Trump initially said he was told that no troops had been injured in the attack, which Iran carried out as retaliatio­n for a US drone strike in Baghdad that killed Iran’s most powerful general, Qassem Soleimani.

The military said symptoms of concussion or traumatic brain injury were not immediatel­y reported after the attack, and in some cases only became known days later.

The question of American casualties took on added importance at the time of the attack, because the degree of damage was seen as influencin­g a US decision on whether to counteratt­ack and risk a broader war with Iran.

Traumatic brain injury, or TBI, can involve varying degrees of impairment of thinking, memory, vision, hearing and other functions.

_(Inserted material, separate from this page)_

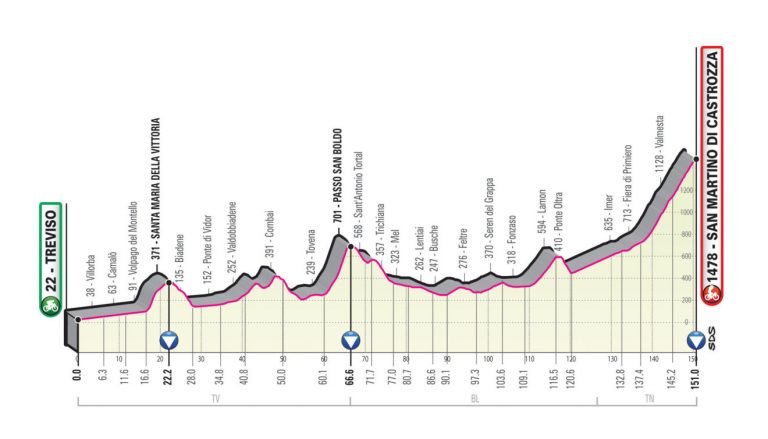 19ª etapa: Treviso - San Martino di Castrozza, 151 kilómetros
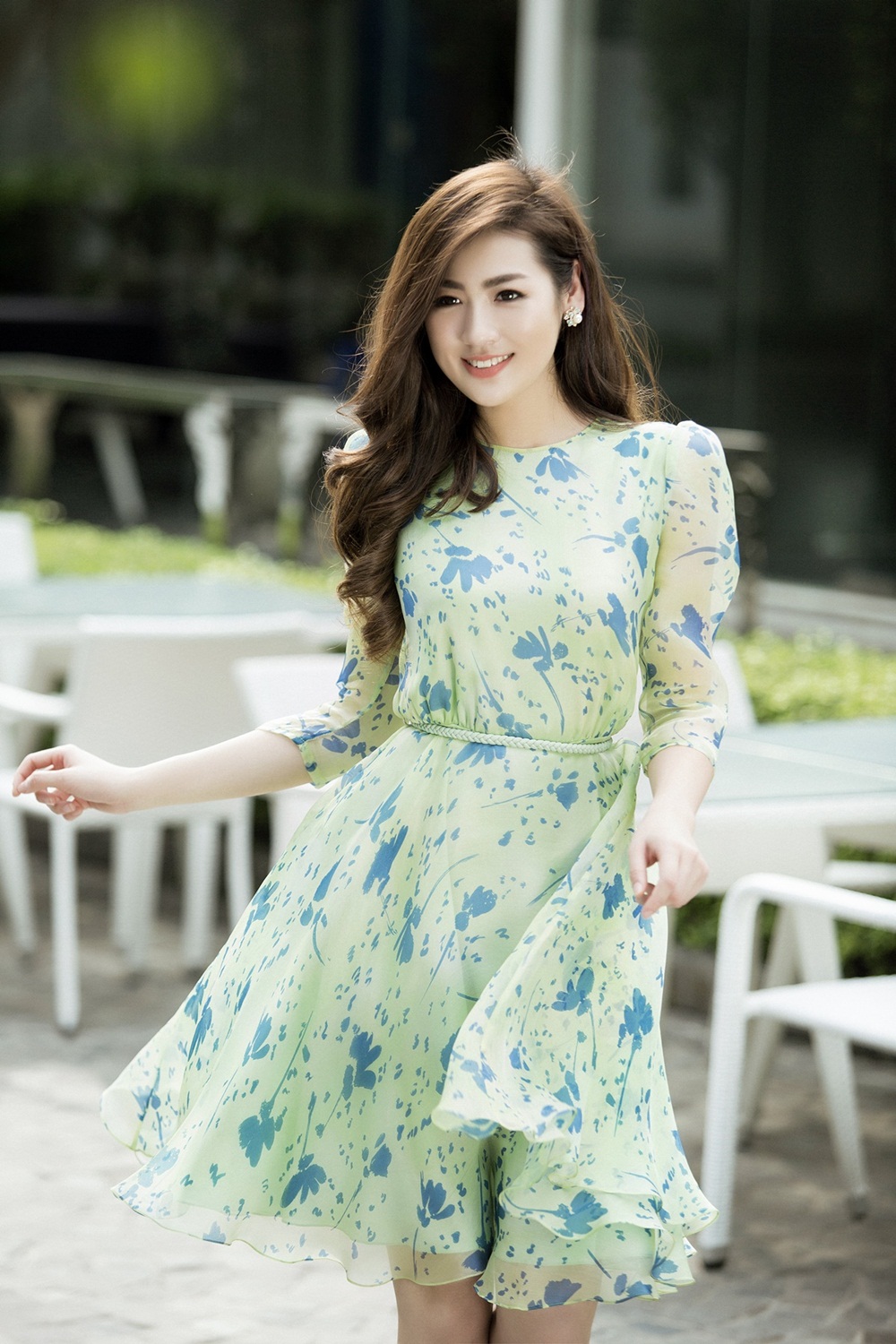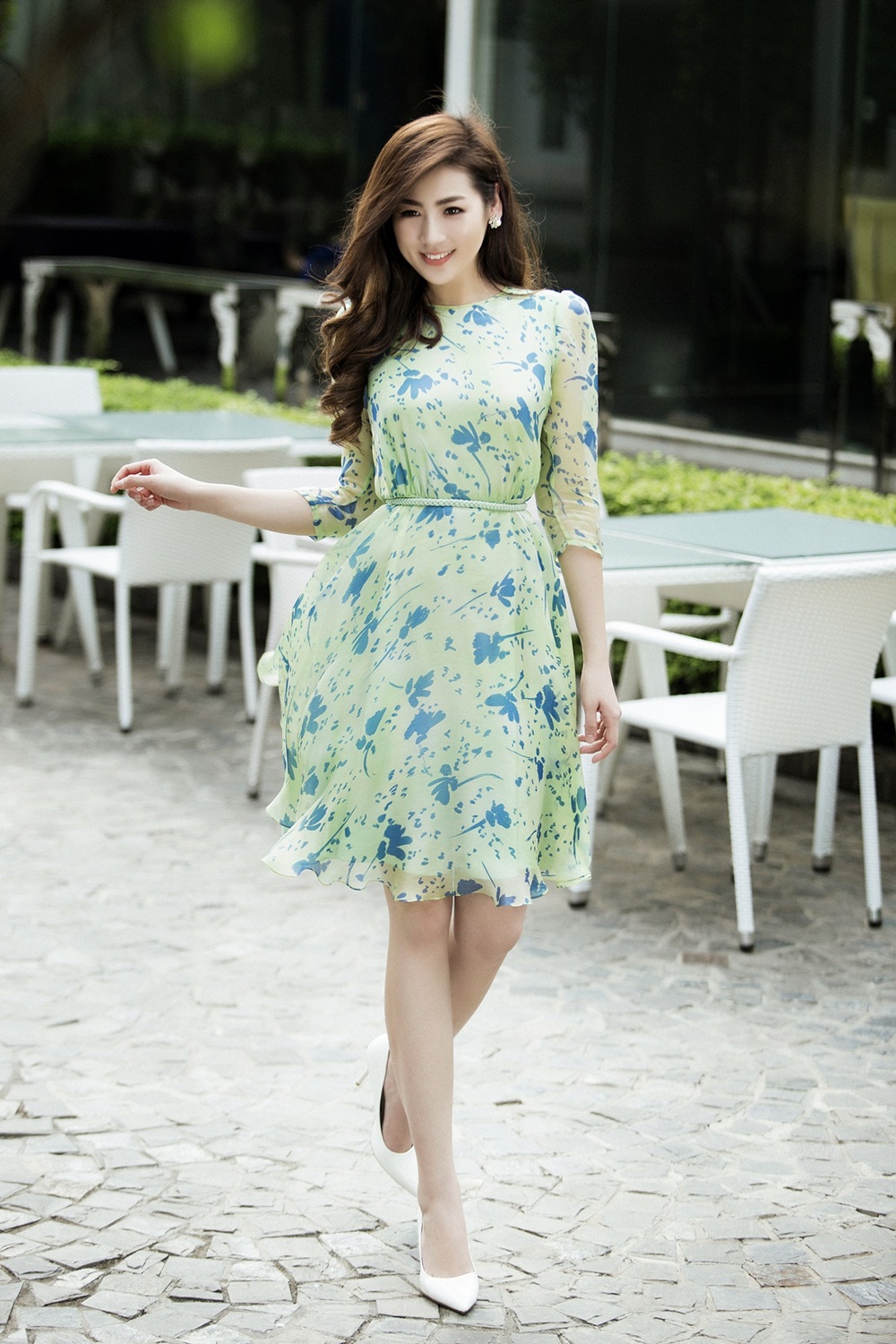 Chiếc đầm xòe màu xanh lá cây nhạt cực kỳ hợp với những lần dạo phố.

Hoffman’s disclosure that 34 people had been diagnosed with TBI was the first official update of the number injured since the Pentagon announced the evacuation of the first 11.

No-one was killed in the attack, even though the US had no missile defence systems at the base. Hoffman said yesterday that deploying one or more Patriot anti-missile systems to Iraq was among the options now being considered by military commanders.